The government cited lack of evidence.

The art dealers’ descendants demanded the restitution of 189 work, which now reside in a national collection. The court has ruled that only one — Ferdinand Boll’s ‘Man With a High Cap” — need be returned.


Adolf Hitler liked his art.

In 1905, Hitler dropped out of highschool, and spent several years doing not much at all in the city of Linz. But he dreamed of earning his pennies by his brushstroke, and spent many days hold up in museums or sketching by candlelight. (Those sketches have since been sold in auction.) Eventually, Hitler applied to study at the Vienna art academy; but after sitting several days of exams, he was promptly rejected.

Distraught, Hitler up and moved to the capital, and spent his time selling hand-painted reproductions. He grew poor and despondent. Hitler would apply to school again, and be rejected a second time.

Much has been made of this period in Hitler’s life. Some speculate that the man’s anti-Semitism was rooted in his inability to get into art college; the story goes that it was a Jewish professor who rejected him. And naturally, counter-history buffs will imagine a 20th century in which Hitler indeed became an artist: and spent his days painting nudes, instead of slaughtering his continent.

An absolutely outstanding documentary to see on this subject is ‘The Rape of Europa.’

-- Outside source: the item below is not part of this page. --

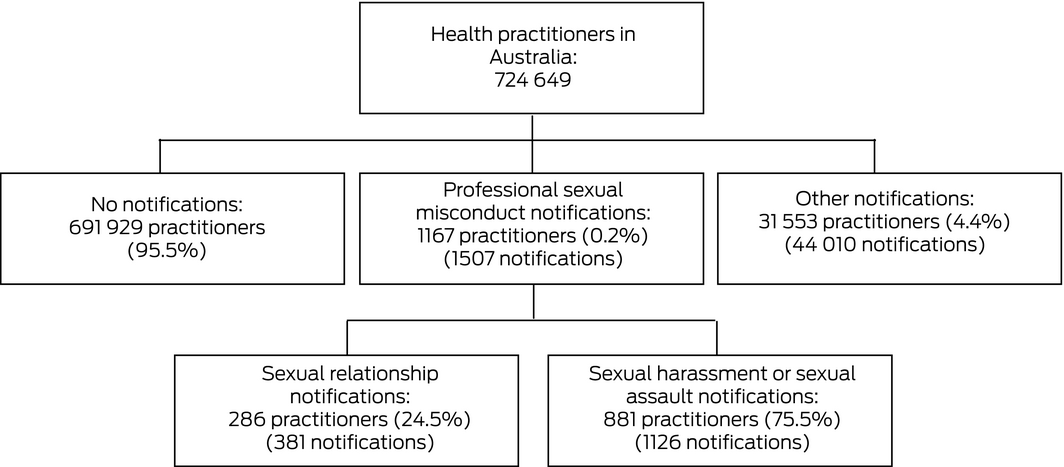 During 2011–2016, Australian regulators received 1507 notifications of sexual misconduct by 1167 of 724 649 registered health practitioners (0.2%) (Box 2); 208 of these practitioners (18%) were named in more than one allegation of sexual misconduct (Box 3).

The film explains how fine art became a kind of currency within the highest Nazi circles. Currying favour with Hitler often meant giving a gift of art–or else building up a personal collecting grand enough to win Hitler’s admiration. Before invading European cities, Hitler would draw up lists of art and architecture items which were not to be protected from shelling and troop movement.


Amazingly, Allied troops had the foresight to keep fine art in mind when liberating Occupied Europe. A special team of “Monument Men” — “mostly American art historians and museum curators who, drafted into military service” — was put together with the explicit purpose of locating looting art, and protecting it from damage or theft.


The documentary also gives some background on this recent trial before the Dutch government:

According to U.S. estimates, the Nazis stole one-fifth of all the known artworks in Europe. While the Allies returned most of the displaced art in the decade following the war, much of the loot is still missing.

By the mid-fifties the initial, massive restitution effort by the Allies had lost its priority and momentum to the pressures of the Cold War. Hundreds of works of art, their owners unidentified, still lay in government storerooms across Europe, or remained in the hands of unscrupulous dealers who waited for years before disguising their origins and feeding them slowly into the market.

But this long quiet period is over. The end of the Cold War and the opening of the archives of Eastern Europe revealed that many works believed lost had survived. The commemorations marking the end of World War II and the development of Holocaust scholarship also led to the re-examination and declassification of forgotten records, inspiring those who had long since despaired of finding their lost possessions to search again.